That looks like it is a photo of the sunset rather than sunrise, but I am soon to be heading off into the sunrise to meet my group for a run. Before that, I am going to try to get 4 miles in on the treadmill so that I only have to do 6 outdoors. I am meeting a friend to see “The Great Gatsby” at 11:00, so there is a limit to how much time I have. Hence, I got up at 3:00 a.m. Yikes.
Yesterday I got the word that I really, truly, officially am changing jobs in June/July. I will finish up my current job in June and start the new one in July.
I met with the woman who is retiring and creating this wonderful opportunity for me. It’s sort of a full-circle kind of feeling.

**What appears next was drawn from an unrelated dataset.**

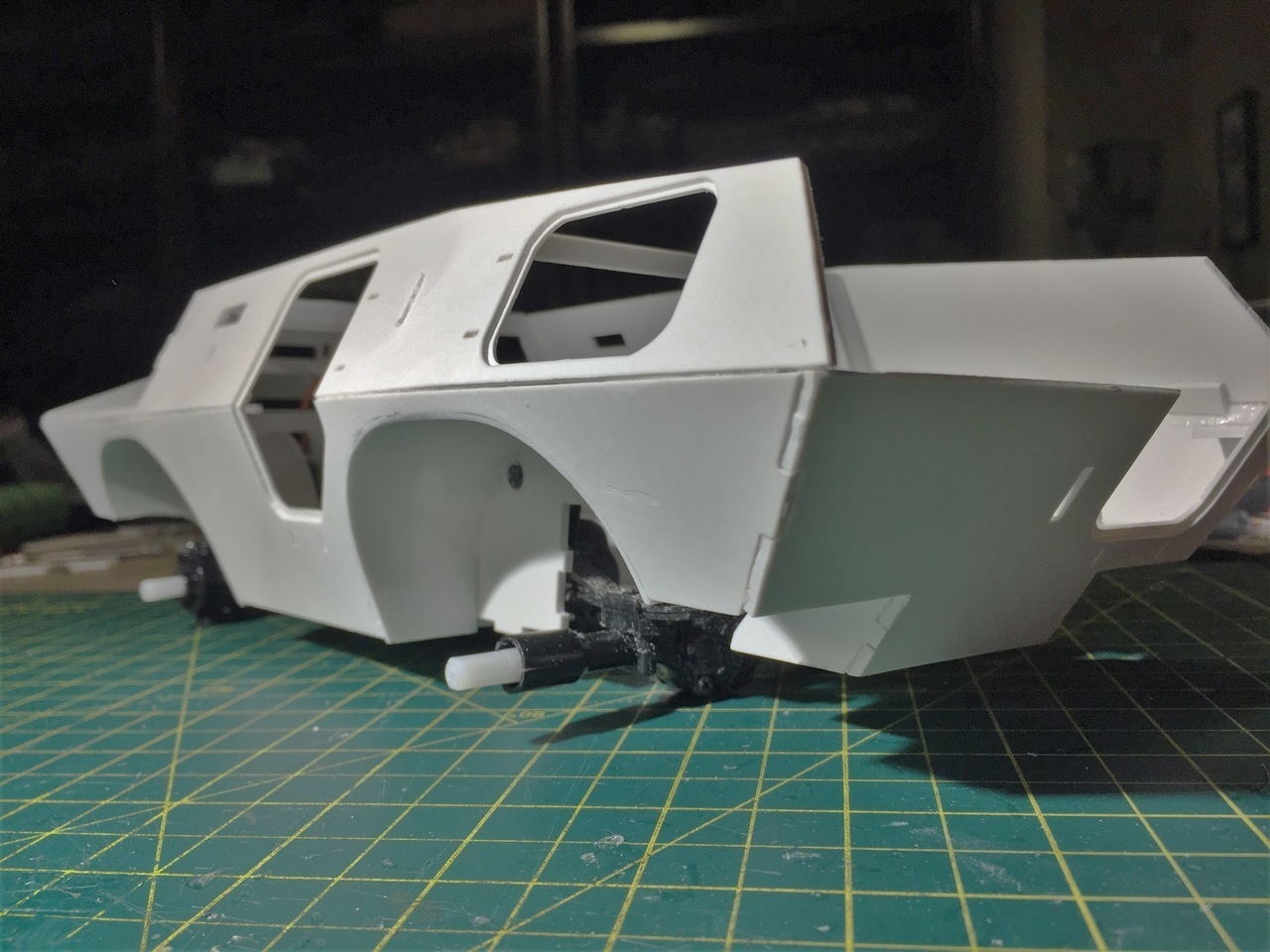 The body has gone through many phases of putty and sanding, not perfect yet but enough to continue with the build. It is really only after the first coat of primer that the true situation will come out of all the whiteness. No point doing the polishing at this time.

On a hot August day in 1994, I walked into that office for the first time – for an interview. I was 10 years sober, and had just been through a totally disfunctional 5 years where I had no work history to speak of. It was an entry level position I was desperate to get. I sat in that office on that day, wiping the sweat from my lip, hoping I didn’t look as desperate as I felt – and thought – I want to retire from this job if I should get it.
Six years later, just as I got my bachelor’s degree, I was able to move into that office as my own. I was the director of the department. That first day, I waited until every one in the department left for the day, unlocked the door, sat behind the desk and cried. Tears of gratitude.
Yesterday as I sat in this office yet again, I felt that I was at home. The retiring woman said to me “This is a good place for you at this stage in your life.” I couldn’t agree more.
People I met in the hallways were all so excited that I am coming back. And how I wish Dr. L. were still alive. He always said I was the best medd reccords director ever and he missed me in that job.
I am going home. Going home. The grace of God is an amazing thing. I never dreamed this would happen, but here it is. My prayers have been answered.